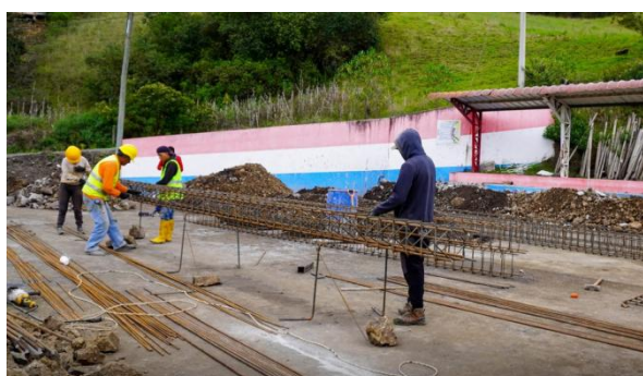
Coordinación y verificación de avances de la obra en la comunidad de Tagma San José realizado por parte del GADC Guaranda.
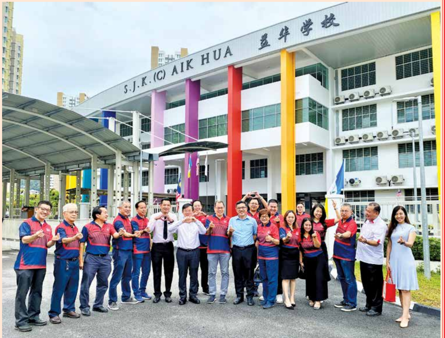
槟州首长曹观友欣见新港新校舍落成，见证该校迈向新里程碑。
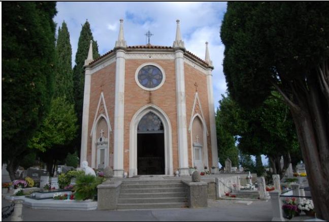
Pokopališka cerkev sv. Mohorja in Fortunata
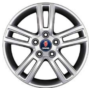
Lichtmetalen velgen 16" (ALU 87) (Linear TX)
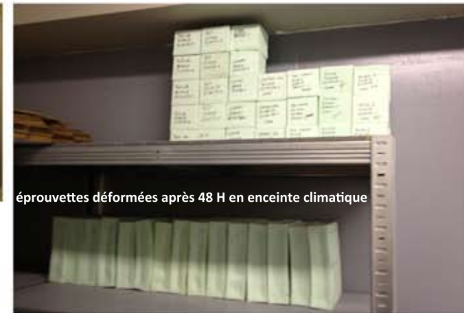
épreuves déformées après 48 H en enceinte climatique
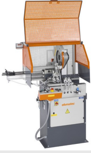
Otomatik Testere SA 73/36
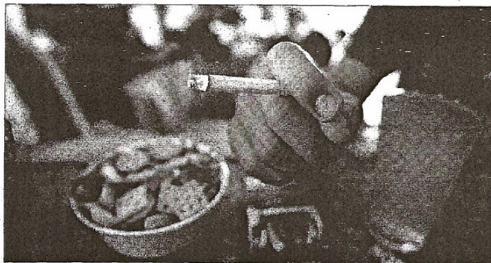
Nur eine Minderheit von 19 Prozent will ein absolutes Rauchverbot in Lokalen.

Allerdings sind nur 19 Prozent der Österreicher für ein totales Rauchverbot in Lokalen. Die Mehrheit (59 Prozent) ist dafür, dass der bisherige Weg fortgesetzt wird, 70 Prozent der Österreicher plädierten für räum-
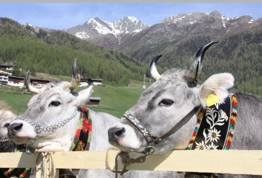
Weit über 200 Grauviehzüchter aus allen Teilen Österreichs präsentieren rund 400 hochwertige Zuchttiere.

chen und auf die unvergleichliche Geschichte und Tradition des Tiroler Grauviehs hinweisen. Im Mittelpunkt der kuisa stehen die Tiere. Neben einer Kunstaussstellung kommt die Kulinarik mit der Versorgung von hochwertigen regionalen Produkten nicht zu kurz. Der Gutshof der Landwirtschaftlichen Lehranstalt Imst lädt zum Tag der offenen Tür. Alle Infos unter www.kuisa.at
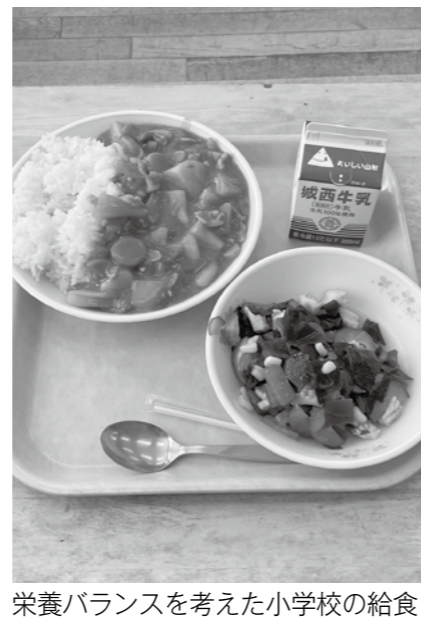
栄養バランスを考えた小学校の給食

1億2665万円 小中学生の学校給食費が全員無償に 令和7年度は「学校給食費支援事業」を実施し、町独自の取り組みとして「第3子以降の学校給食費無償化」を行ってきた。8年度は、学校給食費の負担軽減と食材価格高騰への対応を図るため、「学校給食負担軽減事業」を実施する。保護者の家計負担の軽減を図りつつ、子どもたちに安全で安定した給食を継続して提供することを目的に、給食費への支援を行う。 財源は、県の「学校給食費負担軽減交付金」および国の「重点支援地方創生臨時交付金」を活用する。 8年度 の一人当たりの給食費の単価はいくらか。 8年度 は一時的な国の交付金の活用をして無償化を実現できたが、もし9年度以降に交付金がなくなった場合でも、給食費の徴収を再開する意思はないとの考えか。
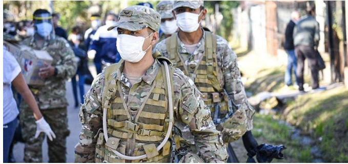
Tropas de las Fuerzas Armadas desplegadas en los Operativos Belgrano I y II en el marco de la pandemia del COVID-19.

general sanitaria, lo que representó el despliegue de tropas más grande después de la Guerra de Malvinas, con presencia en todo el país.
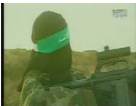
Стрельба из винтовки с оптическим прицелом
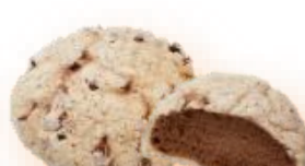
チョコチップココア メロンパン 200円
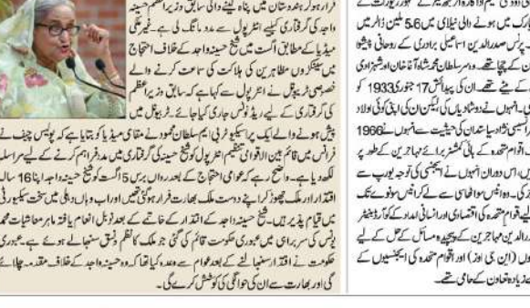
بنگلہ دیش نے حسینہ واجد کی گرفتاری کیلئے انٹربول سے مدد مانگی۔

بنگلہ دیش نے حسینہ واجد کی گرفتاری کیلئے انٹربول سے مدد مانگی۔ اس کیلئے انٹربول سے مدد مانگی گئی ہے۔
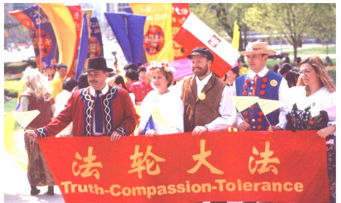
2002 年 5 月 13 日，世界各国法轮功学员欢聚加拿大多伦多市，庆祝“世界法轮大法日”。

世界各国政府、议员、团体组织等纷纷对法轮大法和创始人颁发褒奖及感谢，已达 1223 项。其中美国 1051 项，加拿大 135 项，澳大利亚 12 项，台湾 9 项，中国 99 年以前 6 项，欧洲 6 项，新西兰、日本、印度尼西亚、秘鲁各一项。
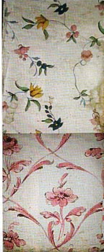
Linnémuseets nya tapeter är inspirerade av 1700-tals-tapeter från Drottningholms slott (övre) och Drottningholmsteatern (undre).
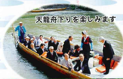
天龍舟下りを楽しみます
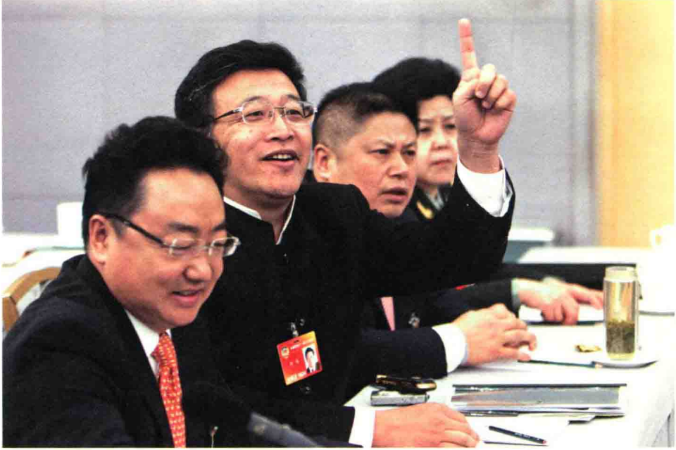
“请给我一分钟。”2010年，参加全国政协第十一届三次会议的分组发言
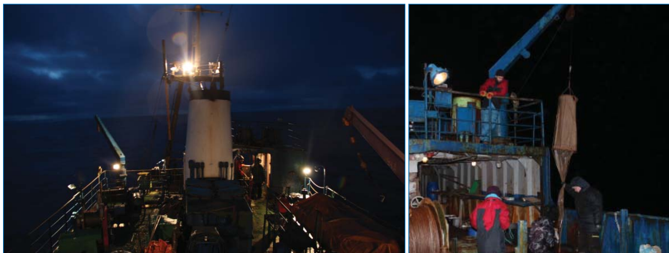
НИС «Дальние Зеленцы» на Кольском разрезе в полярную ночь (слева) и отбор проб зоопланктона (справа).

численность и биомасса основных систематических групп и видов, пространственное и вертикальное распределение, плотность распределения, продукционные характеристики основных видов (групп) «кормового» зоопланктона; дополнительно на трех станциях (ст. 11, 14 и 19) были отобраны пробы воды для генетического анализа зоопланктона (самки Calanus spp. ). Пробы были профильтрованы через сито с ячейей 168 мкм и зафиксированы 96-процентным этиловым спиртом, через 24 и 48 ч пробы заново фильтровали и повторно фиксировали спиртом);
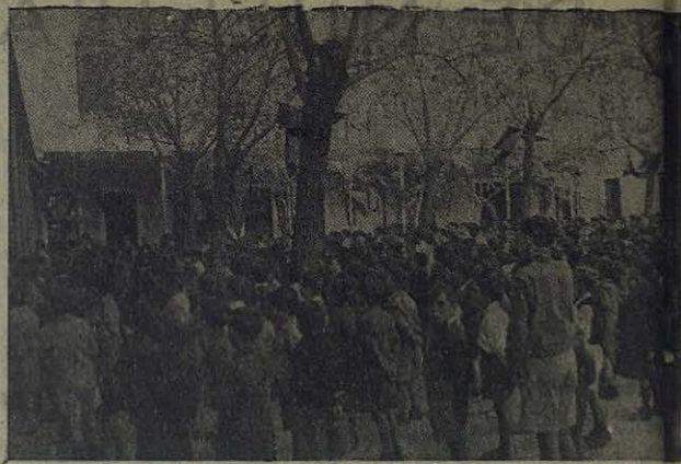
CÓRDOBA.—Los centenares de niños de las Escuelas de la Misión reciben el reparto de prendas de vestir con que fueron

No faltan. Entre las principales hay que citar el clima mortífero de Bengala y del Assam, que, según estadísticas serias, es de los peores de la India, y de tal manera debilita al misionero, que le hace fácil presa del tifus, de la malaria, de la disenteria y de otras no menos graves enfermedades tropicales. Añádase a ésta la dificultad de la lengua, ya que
....
## Task prompt
Would you output only the span of the records above that opens with the line containing "チョコチップココア メロンパン 200円" and closes with the line containing "CÓRDOBA.—Los centenares de", ends included and pictures dropped?

## Reply
チョコチップココア メロンパン 200円
بنگلہ دیش نے حسینہ واجد کی گرفتاری کیلئے انٹربول سے مدد مانگی۔

بنگلہ دیش نے حسینہ واجد کی گرفتاری کیلئے انٹربول سے مدد مانگی۔ اس کیلئے انٹربول سے مدد مانگی گئی ہے۔
2002 年 5 月 13 日，世界各国法轮功学员欢聚加拿大多伦多市，庆祝“世界法轮大法日”。

世界各国政府、议员、团体组织等纷纷对法轮大法和创始人颁发褒奖及感谢，已达 1223 项。其中美国 1051 项，加拿大 135 项，澳大利亚 12 项，台湾 9 项，中国 99 年以前 6 项，欧洲 6 项，新西兰、日本、印度尼西亚、秘鲁各一项。
Linnémuseets nya tapeter är inspirerade av 1700-tals-tapeter från Drottningholms slott (övre) och Drottningholmsteatern (undre).
天龍舟下りを楽しみます
“请给我一分钟。”2010年，参加全国政协第十一届三次会议的分组发言
НИС «Дальние Зеленцы» на Кольском разрезе в полярную ночь (слева) и отбор проб зоопланктона (справа).

численность и биомасса основных систематических групп и видов, пространственное и вертикальное распределение, плотность распределения, продукционные характеристики основных видов (групп) «кормового» зоопланктона; дополнительно на трех станциях (ст. 11, 14 и 19) были отобраны пробы воды для генетического анализа зоопланктона (самки Calanus spp. ). Пробы были профильтрованы через сито с ячейей 168 мкм и зафиксированы 96-процентным этиловым спиртом, через 24 и 48 ч пробы заново фильтровали и повторно фиксировали спиртом);
CÓRDOBA.—Los centenares de niños de las Escuelas de la Misión reciben el reparto de prendas de vestir con que fueron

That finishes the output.